> _What the task requires_
Retype the data below verbatim; pictures do not belong in the copy.

> _Given information_
********************

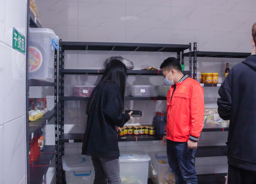 食堂的后厨情况,冰箱的卫生是重中之重,卫生达标的冰箱才能放进清洗完密封完整的食材。工作人员介绍完后,学生代表检查了冰箱的卫生情况,食材是否密封完整等。
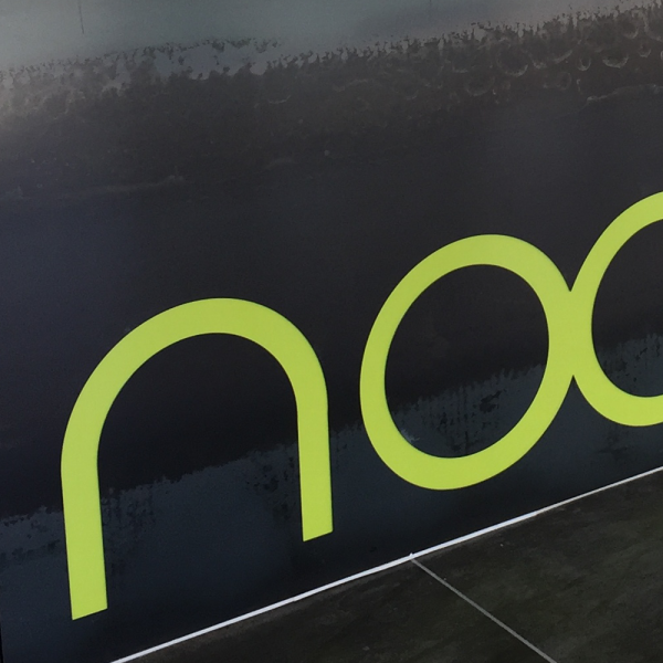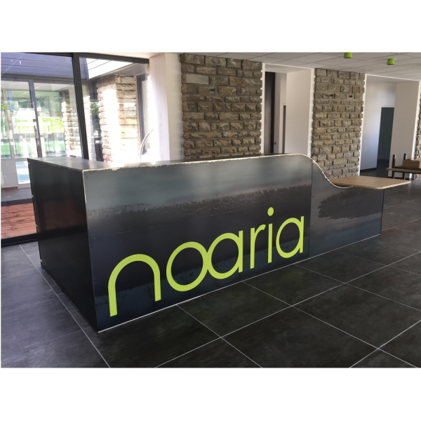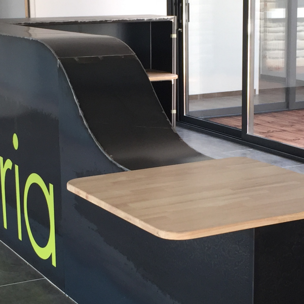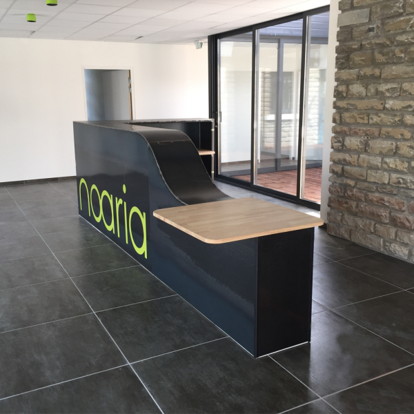 Borne d'accueil sur mesure en acier noir verni et hêtre.
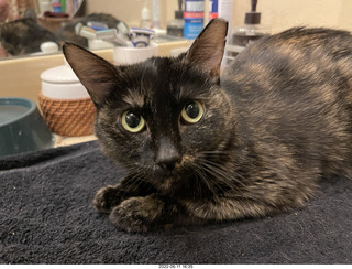 2022 June 29, Wednesday, and 2022 June 30, Thursday. Miss Pris is getting more comfortable and her pupils are no longer in the dilated-scared state when I enter. My other cats Devin and Jane still don't like being in her safe-space room for supervised visits, but they seldom hiss, mostly just meow to get out. With all the noise upstairs I'll keep her here a while longer with water, food, litter box, treats, and frequent snuggles for a while longer. When I leave the door open for a few seconds after I leave her space, she stays put in her sink-and-towels bed rather than try to escape, so I figure she's feeling safe there. When things are quieter I plan to leave the door open and she'll likely find the courage to explore on her own.
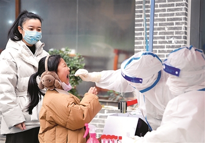 1月10日,在郑州市纬一路核酸检测点,医务人员为小朋友进行核酸检测取样。

********************

> _Exercise result_
 食堂的后厨情况,冰箱的卫生是重中之重,卫生达标的冰箱才能放进清洗完密封完整的食材。工作人员介绍完后,学生代表检查了冰箱的卫生情况,食材是否密封完整等。
 Borne d'accueil sur mesure en acier noir verni et hêtre.
 2022 June 29, Wednesday, and 2022 June 30, Thursday. Miss Pris is getting more comfortable and her pupils are no longer in the dilated-scared state when I enter. My other cats Devin and Jane still don't like being in her safe-space room for supervised visits, but they seldom hiss, mostly just meow to get out. With all the noise upstairs I'll keep her here a while longer with water, food, litter box, treats, and frequent snuggles for a while longer. When I leave the door open for a few seconds after I leave her space, she stays put in her sink-and-towels bed rather than try to escape, so I figure she's feeling safe there. When things are quieter I plan to leave the door open and she'll likely find the courage to explore on her own.
 1月10日,在郑州市纬一路核酸检测点,医务人员为小朋友进行核酸检测取样。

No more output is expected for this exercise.